EXTRACTED MATERIAL START
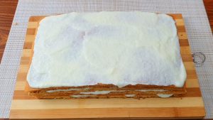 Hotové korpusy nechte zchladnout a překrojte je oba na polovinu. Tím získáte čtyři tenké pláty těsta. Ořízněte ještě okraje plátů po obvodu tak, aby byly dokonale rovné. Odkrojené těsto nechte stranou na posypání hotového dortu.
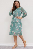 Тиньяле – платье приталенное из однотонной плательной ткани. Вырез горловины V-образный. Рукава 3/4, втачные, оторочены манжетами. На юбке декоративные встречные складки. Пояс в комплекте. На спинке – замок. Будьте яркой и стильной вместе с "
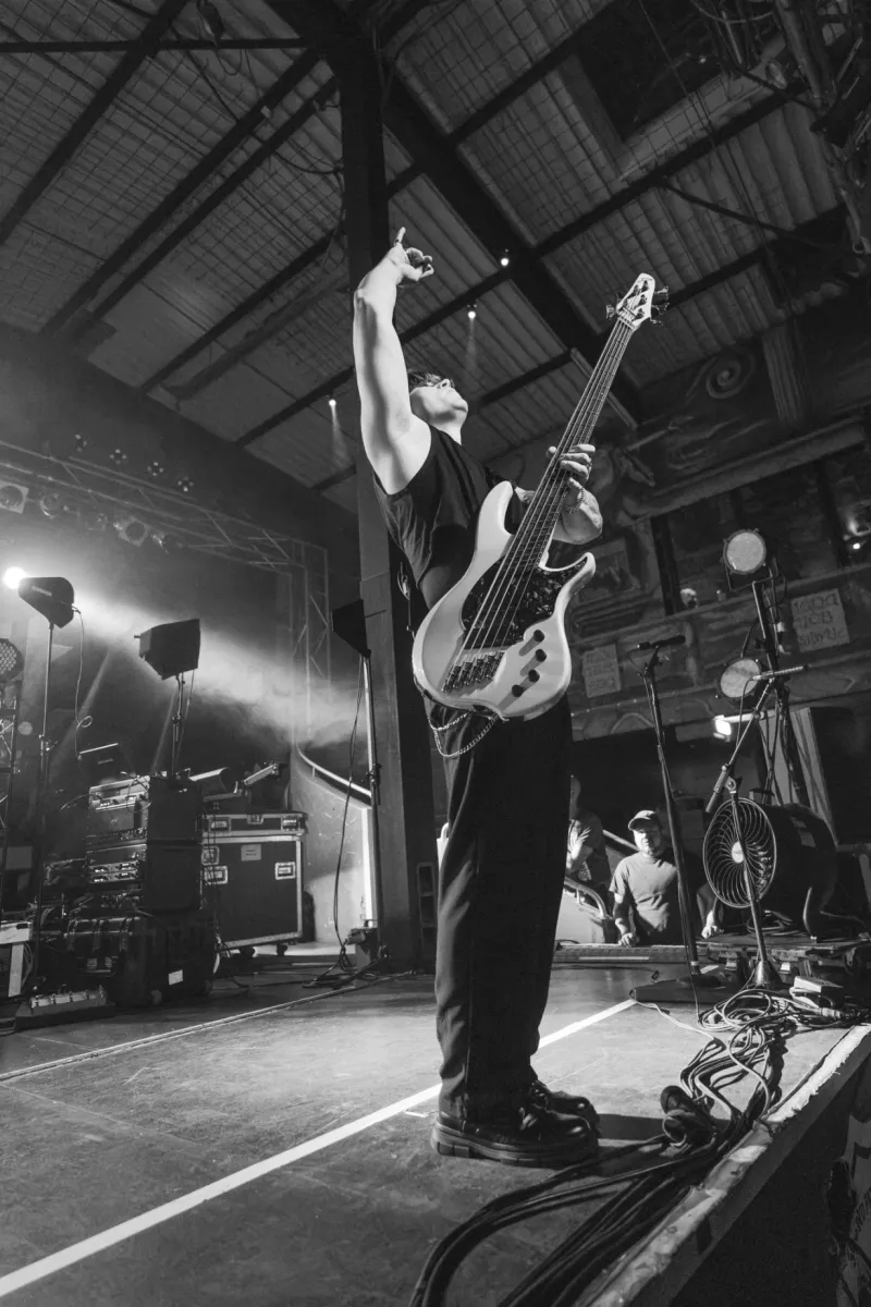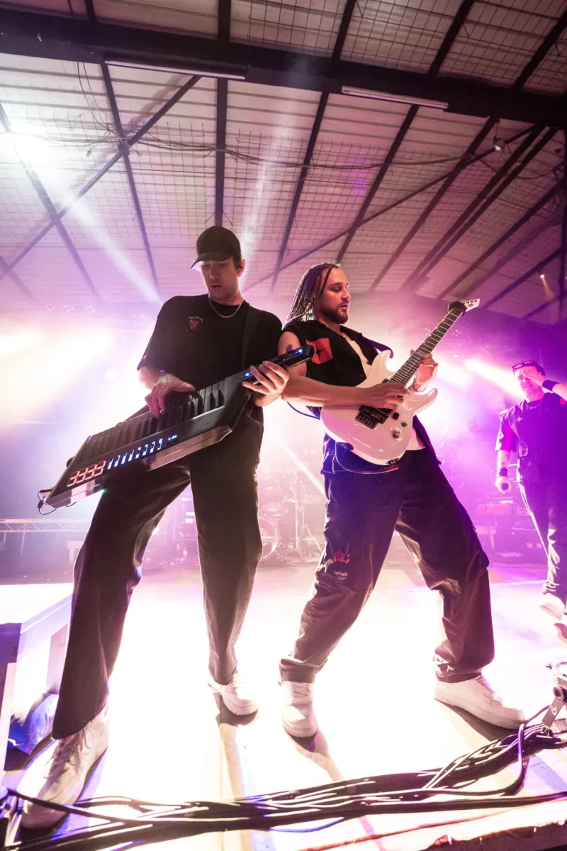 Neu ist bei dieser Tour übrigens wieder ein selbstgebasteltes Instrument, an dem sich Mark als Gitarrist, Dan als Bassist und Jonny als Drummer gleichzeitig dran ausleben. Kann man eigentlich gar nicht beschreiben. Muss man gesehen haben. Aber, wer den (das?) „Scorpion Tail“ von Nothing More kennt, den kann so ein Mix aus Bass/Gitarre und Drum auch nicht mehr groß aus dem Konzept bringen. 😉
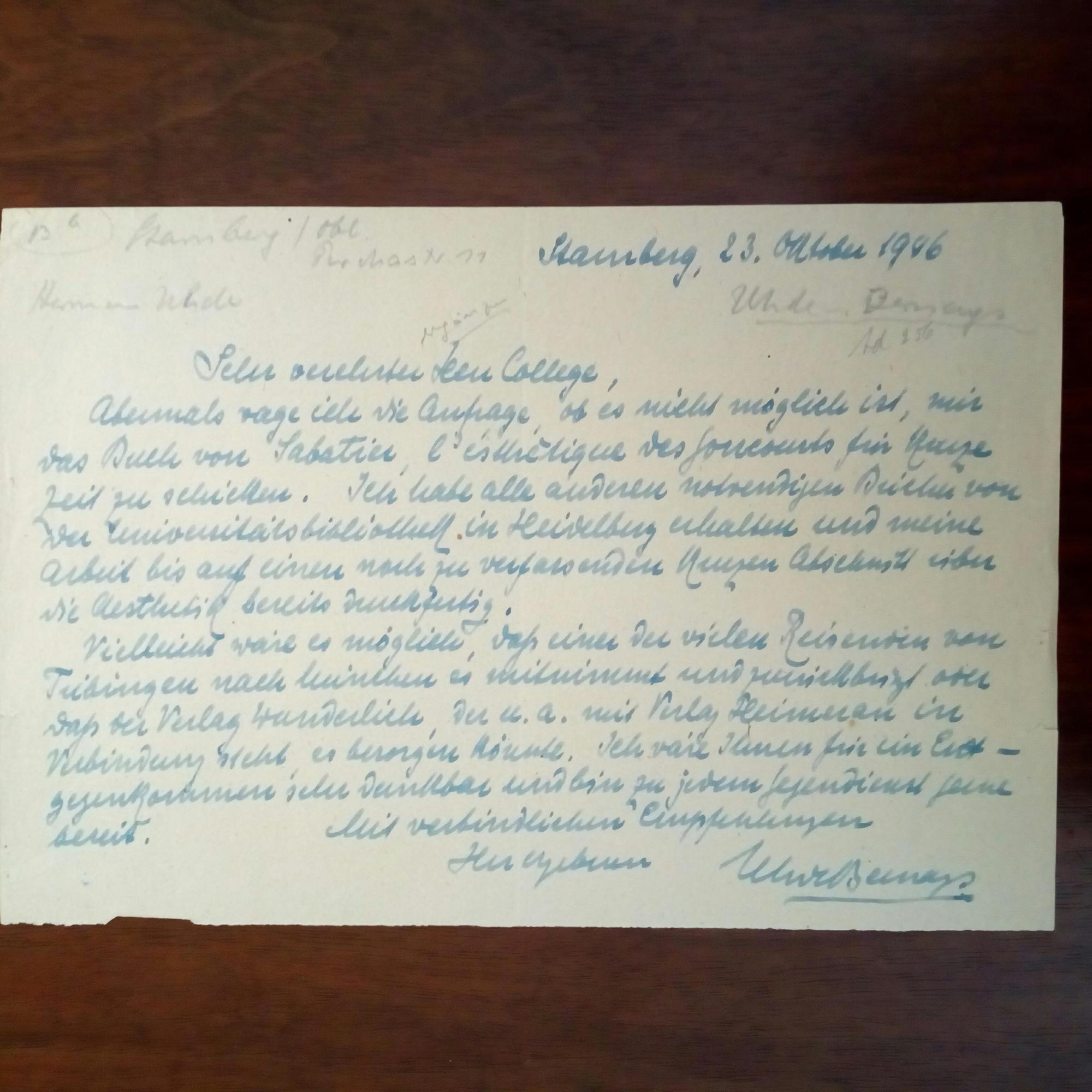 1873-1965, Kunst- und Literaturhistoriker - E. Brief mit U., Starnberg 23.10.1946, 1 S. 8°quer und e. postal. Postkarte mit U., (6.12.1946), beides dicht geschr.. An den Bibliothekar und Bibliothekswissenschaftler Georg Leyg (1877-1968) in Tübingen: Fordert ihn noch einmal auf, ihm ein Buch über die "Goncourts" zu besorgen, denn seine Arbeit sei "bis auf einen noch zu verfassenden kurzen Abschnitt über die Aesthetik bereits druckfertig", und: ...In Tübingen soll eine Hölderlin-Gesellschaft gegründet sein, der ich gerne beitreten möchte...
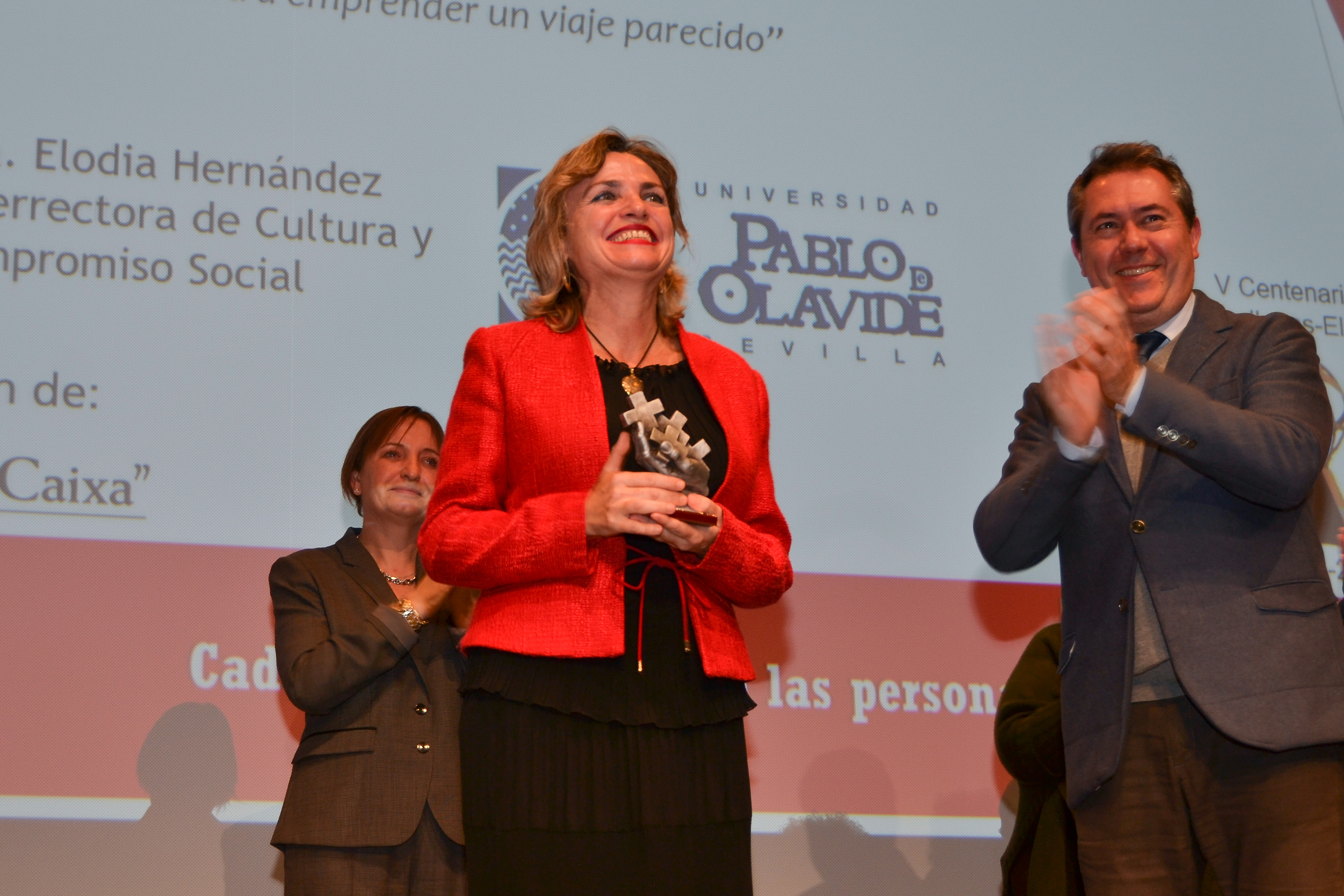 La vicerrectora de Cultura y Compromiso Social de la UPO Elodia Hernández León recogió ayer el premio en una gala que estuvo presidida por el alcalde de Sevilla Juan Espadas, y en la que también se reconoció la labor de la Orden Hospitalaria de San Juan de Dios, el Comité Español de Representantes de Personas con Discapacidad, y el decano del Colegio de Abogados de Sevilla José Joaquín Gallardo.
EXTRACTED MATERIAL END
▸ **PROBLEM DETAILS**
Above are the records; transcribe them exactly without the pictures.

▸ **SOLUTION BELOW**
 Hotové korpusy nechte zchladnout a překrojte je oba na polovinu. Tím získáte čtyři tenké pláty těsta. Ořízněte ještě okraje plátů po obvodu tak, aby byly dokonale rovné. Odkrojené těsto nechte stranou na posypání hotového dortu.
 Тиньяле – платье приталенное из однотонной плательной ткани. Вырез горловины V-образный. Рукава 3/4, втачные, оторочены манжетами. На юбке декоративные встречные складки. Пояс в комплекте. На спинке – замок. Будьте яркой и стильной вместе с "
 Neu ist bei dieser Tour übrigens wieder ein selbstgebasteltes Instrument, an dem sich Mark als Gitarrist, Dan als Bassist und Jonny als Drummer gleichzeitig dran ausleben. Kann man eigentlich gar nicht beschreiben. Muss man gesehen haben. Aber, wer den (das?) „Scorpion Tail“ von Nothing More kennt, den kann so ein Mix aus Bass/Gitarre und Drum auch nicht mehr groß aus dem Konzept bringen. 😉
 1873-1965, Kunst- und Literaturhistoriker - E. Brief mit U., Starnberg 23.10.1946, 1 S. 8°quer und e. postal. Postkarte mit U., (6.12.1946), beides dicht geschr.. An den Bibliothekar und Bibliothekswissenschaftler Georg Leyg (1877-1968) in Tübingen: Fordert ihn noch einmal auf, ihm ein Buch über die "Goncourts" zu besorgen, denn seine Arbeit sei "bis auf einen noch zu verfassenden kurzen Abschnitt über die Aesthetik bereits druckfertig", und: ...In Tübingen soll eine Hölderlin-Gesellschaft gegründet sein, der ich gerne beitreten möchte...
 La vicerrectora de Cultura y Compromiso Social de la UPO Elodia Hernández León recogió ayer el premio en una gala que estuvo presidida por el alcalde de Sevilla Juan Espadas, y en la que también se reconoció la labor de la Orden Hospitalaria de San Juan de Dios, el Comité Español de Representantes de Personas con Discapacidad, y el decano del Colegio de Abogados de Sevilla José Joaquín Gallardo.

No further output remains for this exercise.